Apenas había terminado de amanecer, las puertas de la capilla se abrieron con gran estruendo, dejando ver en su interior a Excalibur, resplandeciente a pesar del tiempo transcurrido, clavada en la roca frente a la cual se hallaba Sir Lamorak, el guardián de negra y pavorosa armadura, que les observaba a través de su impenetrable celada.

Hasta el más firme y valeroso de los caballeros presentes temblaba ante la presencia del guardián y ninguno fue capaz de articular palabra. Finalmente, la imponente figura avanzó un paso y su voz, gutural y cavernosa se dejó oír retumbando en las paredes de la capilla:

"EN VANO OS PRESENTAIS ANTE MI, EN ESTE DIA DEL CUERVO, PUES LA FUERZA QUE NOS LIGA A EXCALIBUR Y A MI A ESTE LUGAR MALDITO NO PUEDE SER ROTA SINO POR LA DECISION TOMADA POR TODOS AQUELLOS QUE TRAICIONARON EL ESPIRITU DE ARTURO. DE LOS DOCE ANILLOS SOLO ONCE PUEDO VER. HOY BRITANNIA NO TENDRÁ UN NUEVO REY".

De repente, los caballeros fueron empujados tras las puertas de la capilla por un viento surgido de ninguna parte que a punto estuvo de derribarlos y hacerles rodar por los suelos. Impotentes, vieron como el guardián avanzaba hacia la entrada sin que el viento pareciera afectarle en absoluto, hasta que, cuando se encontró junto a las puertas, estas comenzaron lentamente a cerrarse.
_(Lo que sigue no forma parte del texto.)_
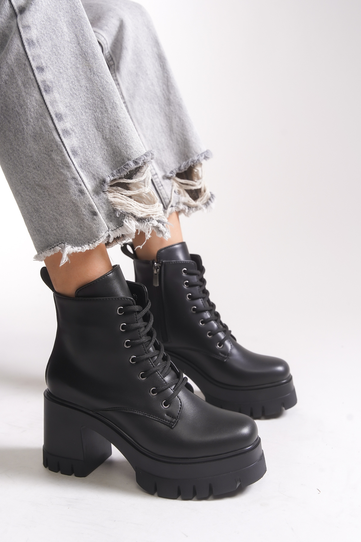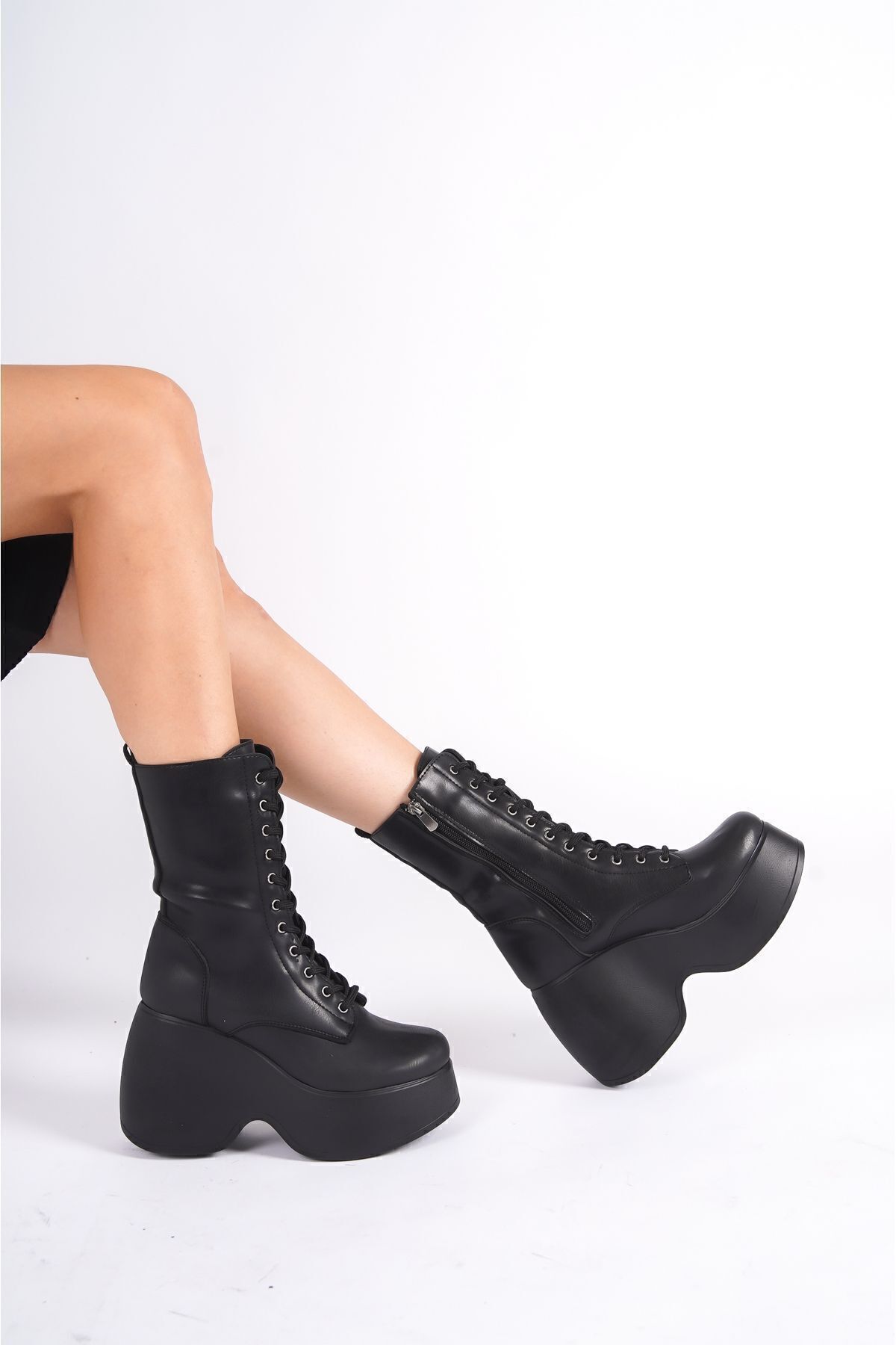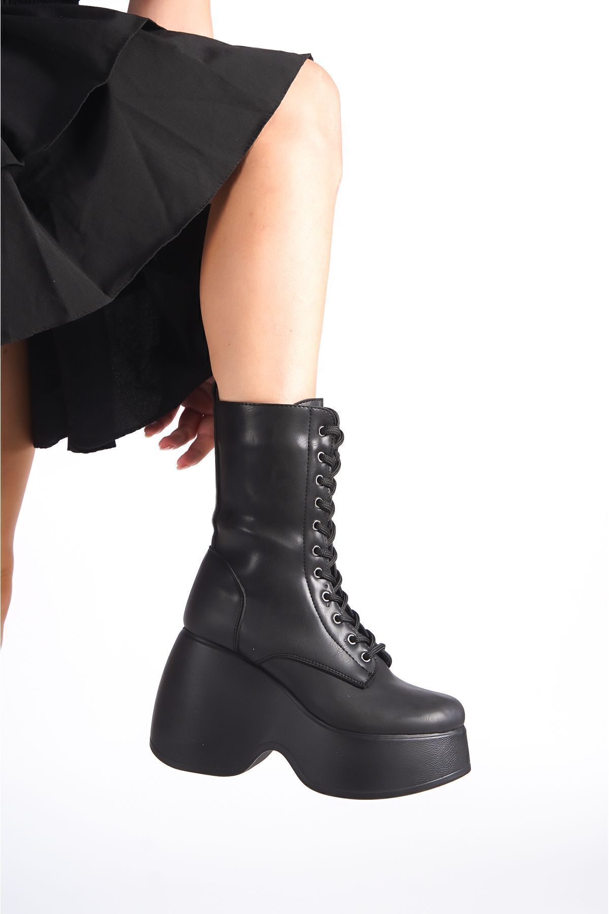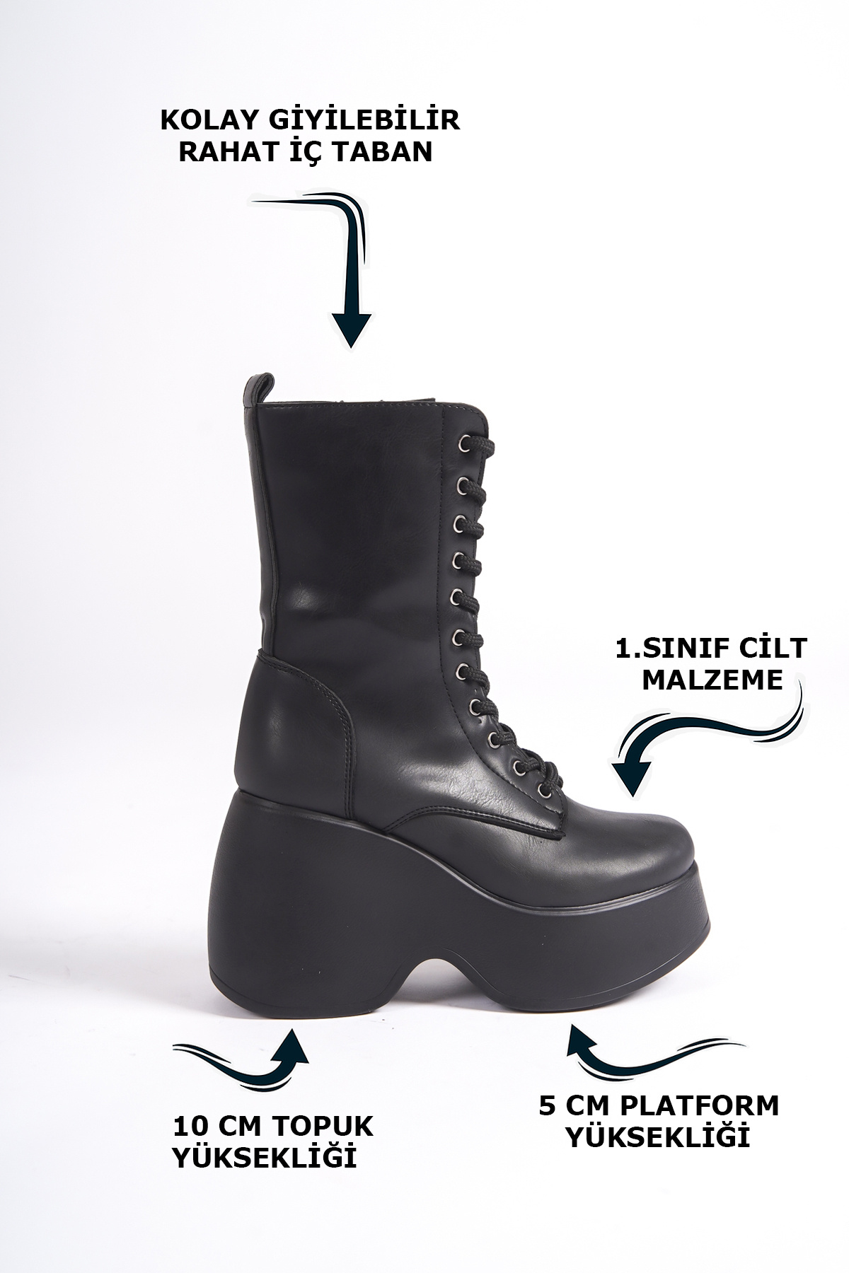 Siyah Cilt Yandan Fermuarlı Bağcıklı Yüksek Dolgu Topuklu Mevsimlik Kadın Uzun Bot Bootie Siyah Cilt Yandan Fermuarlı Bağcıklı Yüksek Dolgu Topuklu Mevsimlik Kadın Uzun Bot Bootie kcli-bot-20 40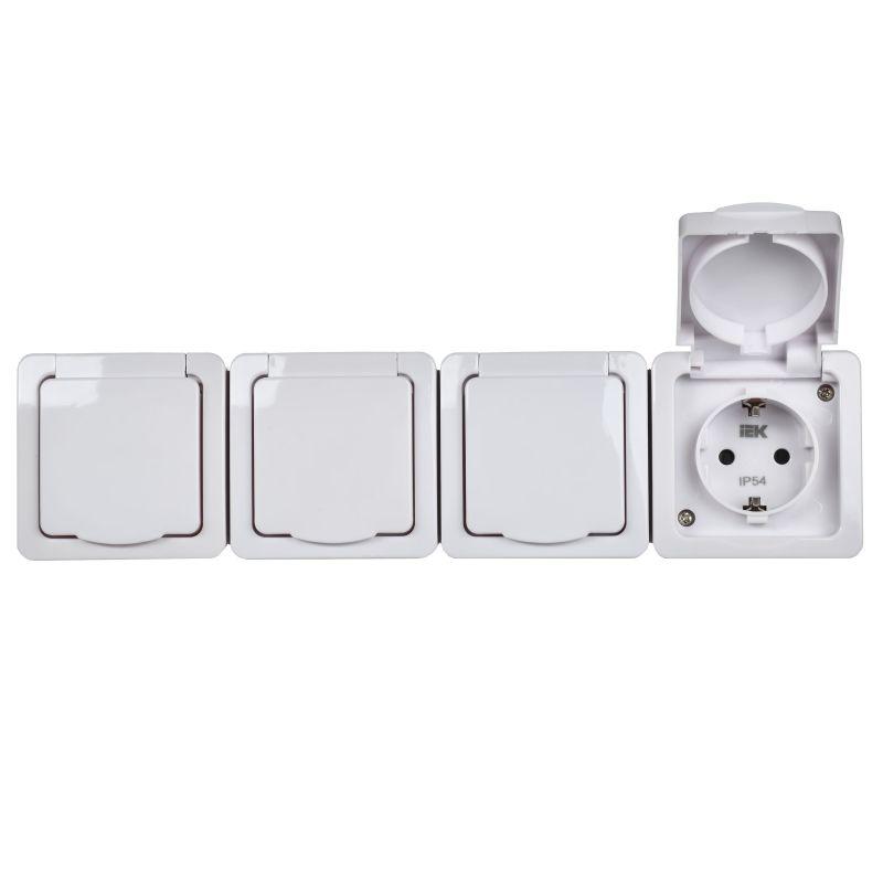 Розетка 4-м ОП Гермес Plus РСб24-3-ГПБб 16А IP54 с заземл. с крышкой бел. IEK ERMP42-K01-16-54-EC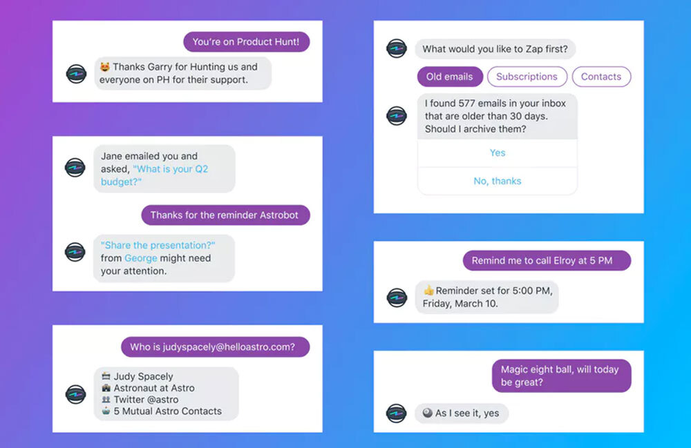 Astro es un cliente de correo electrónico gratuito que combina nuestros emails con inteligencia artificial y un bot en un chat.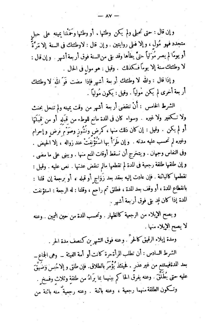 الشرط الخامس أن تنقضي أربعة أشهر من وقت يمينه ولم تنحل بحنث ولا تكفير ولا غيره وسواء كان في المدة مانع للوطء من قبله أو من قبلها أو لم يكن وقيل إن كان ذلك منها كمرض ونشوز وصوم فرض وإحرام وغيره لم تحسب عليه مدته وإن طرأ بها استؤنفت عند زواله ألا الحيض وفي النفاس وجهان ويتخرج أن تسقط أوقات المنع منها ويبني على ما مضى وإن طلقها طلقة رجعية في المدة لم تقطعها مالم تنقض عدتها نص عليه وقيل تقطعها كالبائنة فإن عادت إليه بعقد بعد زواج أو قبله أو برجعة إن قلنا بانقطاع المدة أو وقف بعد المدة فطلق ثم راجع وقلنا له الرجعة استؤنفت المدة إذا كان قد بقي فوق أربعة أشهر.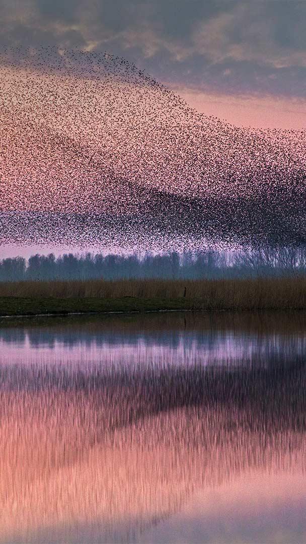 After the nesting and breeding seasons of spring and summer have passed, starlings become highly social birds, often gathering in flocks that number in the thousands. These flocks sometimes take the form of a murmuration—when the birds form a group large and dense enough that they appear to move together as a single organism, even if the movements seem arbitrary. Though scientists still don"t quite understand how the individual starlings in a murmuration coordinate their tight, fluid formations, the behavior is thought to be a way to confuse predators.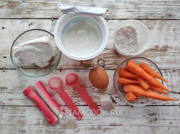 Собрать по списку продукты для морковного рулета с крабовыми палочками.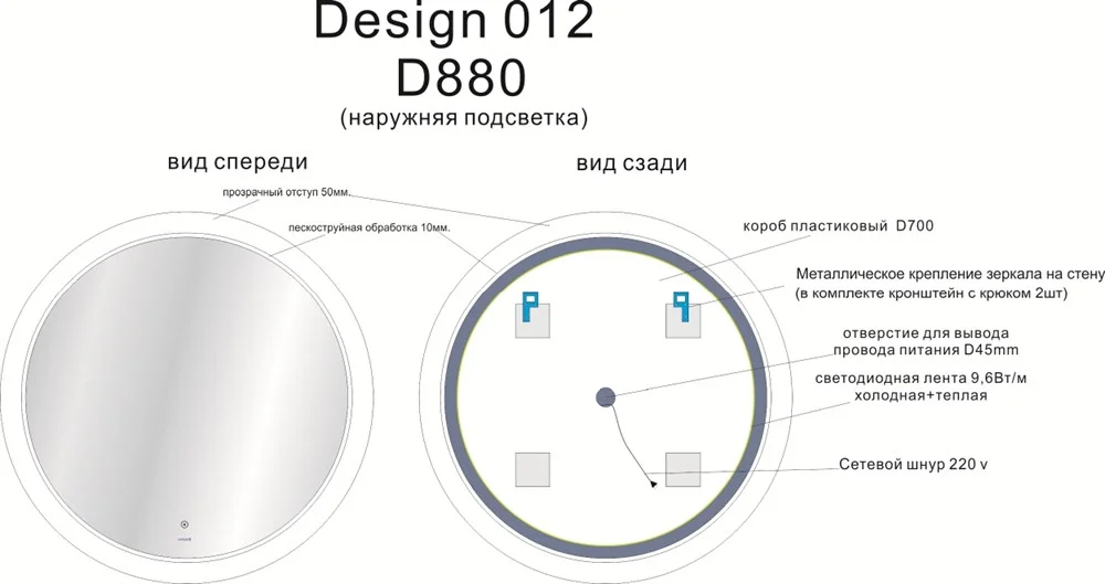 зеркало с подсветкой, комплект креплений, инструкция, гарантийный талон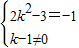 【答案】分析:根据反比例函数的定义.即y=(k≠0),只需令2k2-3=-1、k-1≠0即可.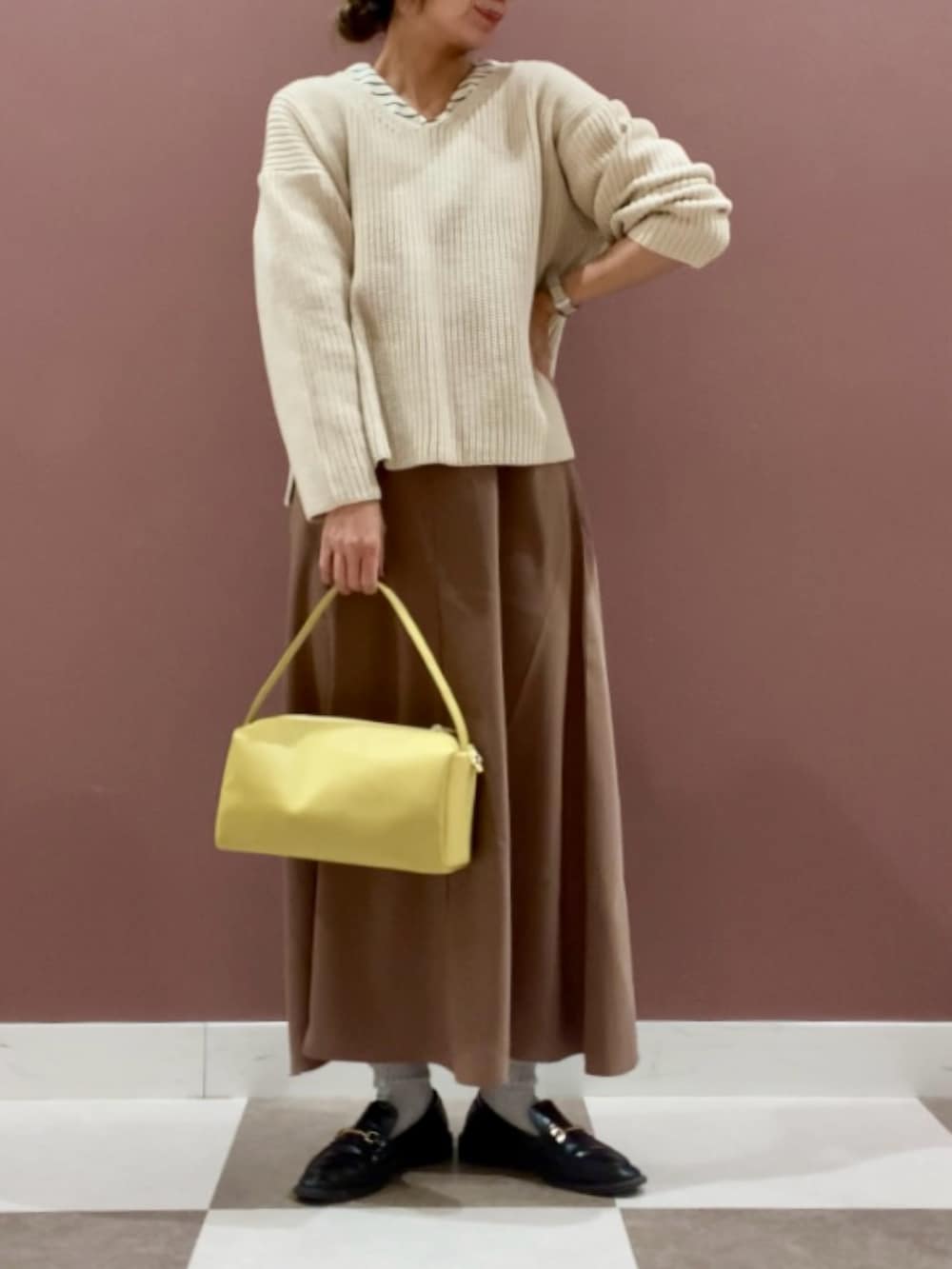 今の時期はニットを着てもう少し暖かくなるとキャミワンピースだけでも可愛く着て頂けます!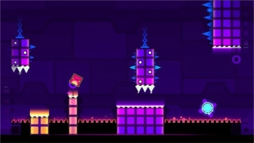 这款游戏的操作十分简易,作为主角的方块会自主朝着屏幕右侧移动,我们仅需点击屏幕,让它跃起避开途中的各种障碍和陷阱就可以了。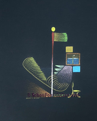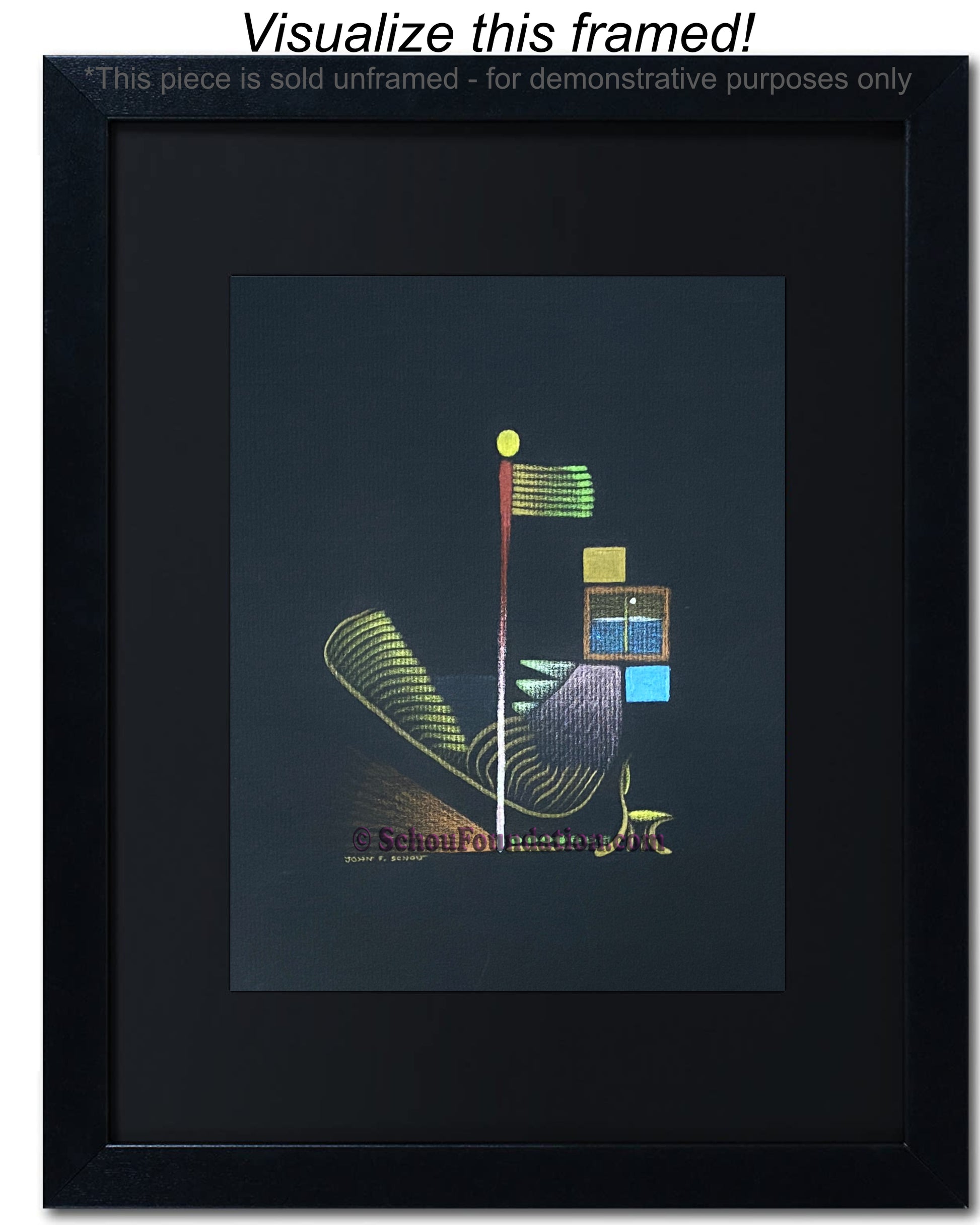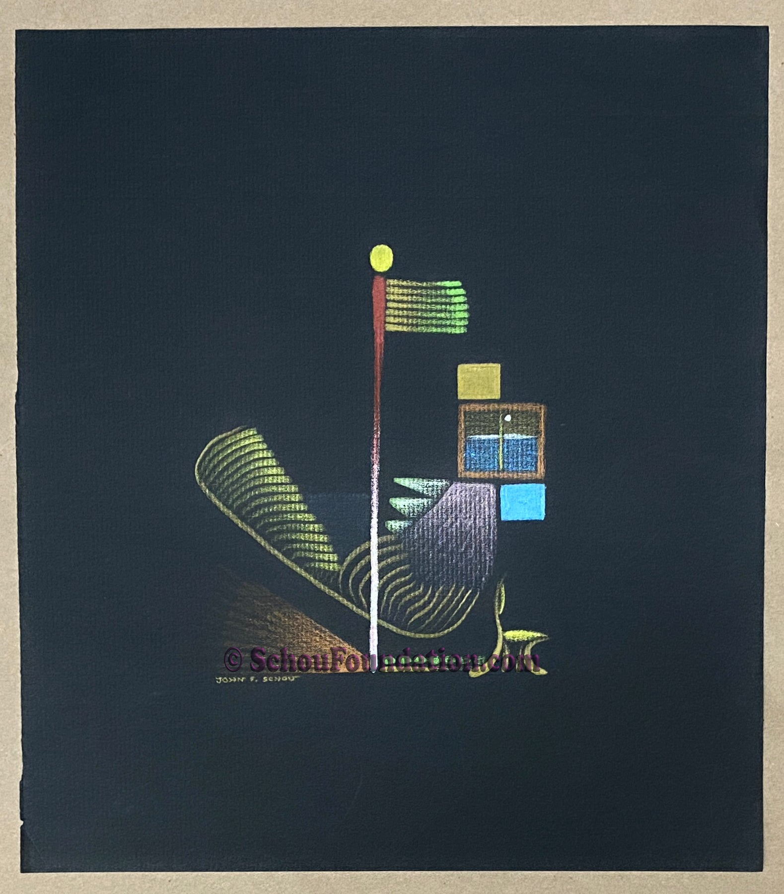 Complex vignette was created with Prismacolor wax pencil on heavy-toothed black paper; part of the Black Paper Series by San Francisco artist John Schou. Piece is signed and undated, circa 1967-1971.

Fue entonces cuando Sir Gawayne, espada en mano, se lanzó contra el guardián creyendo poder superarle y alcanzar a Excalibur. ¡Quieto, loco! - El aviso de Lanzarote cayó en vacío, pues antes siquiera de traspasar las puertas de la capilla, el guardián golpeo con su espada con la velocidad del rayo sobre el cuello de Sir Gawayne, separando su cabeza de sus hombros.

¡TODOS COMO UNA SOLA VOZ PROCLAMAREIS AL HEREDERO DE ARTURO, O NO HABRÁ PAZ PARA BRITANNIA NI DESCANSO PARA AVALON!

La voz del guardián bramó su amenaza en el momento en que las puertas de piedra se cerraron con un golpe seco, dejando fuera a los aterrados caballeros. Sir Bors, con lágrimas en los ojos, apretaba en su puño el anillo elector que acababa de arrancar del dedo muerto de Sir Gawayne.

Cuando se repusieron, los caballeros parlamentaron largo rato. Finalmente, acordaron que si el guardián no les permitía recuperar a Excalibur, ellos elegirían por su cuenta un nuevo rey para Britannia.